THE TASK
Line by line, restate the material word for word, omitting any image.

START DATA SECTION

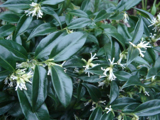 De vleesbes, sarcococca_vleesbes.htm, heb ik vorig jaar gekocht. In het tuincentrum was de geur van de plantjes toen zò overweldigend. Gewoon fantastisch zo vroeg op het jaar. Ik heb de struik op het terras geplant om ten volle van de geur te kunnen genieten.
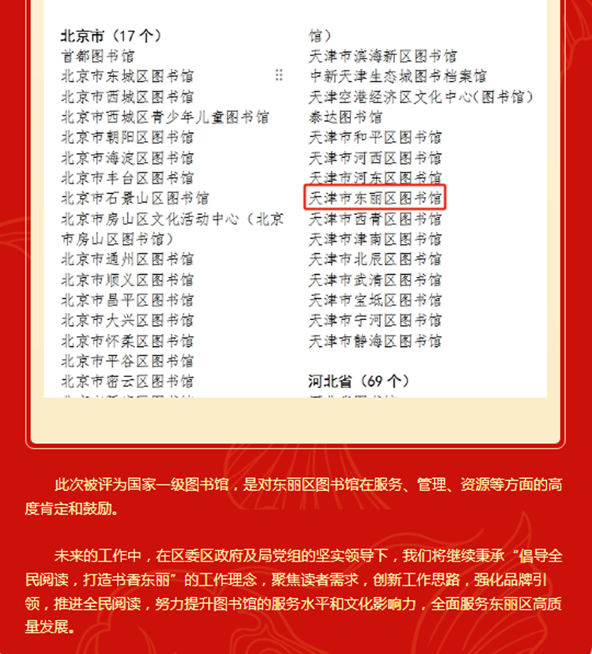 喜报!东丽区图书馆获评国家一级馆!
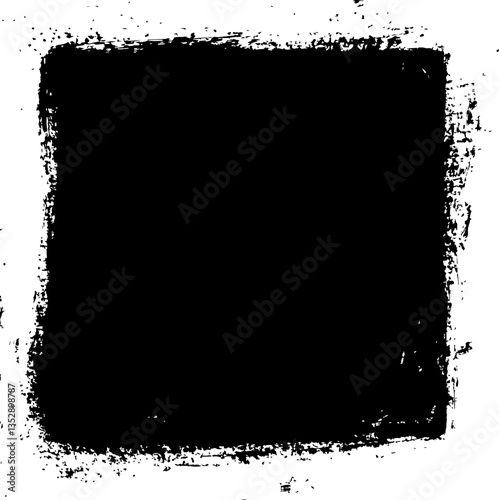 Black square texture mask with a distressed border, ideal for graphic design and photo editing overlays.

END DATA SECTION

TASK RESPONSE
 De vleesbes, sarcococca_vleesbes.htm, heb ik vorig jaar gekocht. In het tuincentrum was de geur van de plantjes toen zò overweldigend. Gewoon fantastisch zo vroeg op het jaar. Ik heb de struik op het terras geplant om ten volle van de geur te kunnen genieten.
 喜报!东丽区图书馆获评国家一级馆!
 Black square texture mask with a distressed border, ideal for graphic design and photo editing overlays.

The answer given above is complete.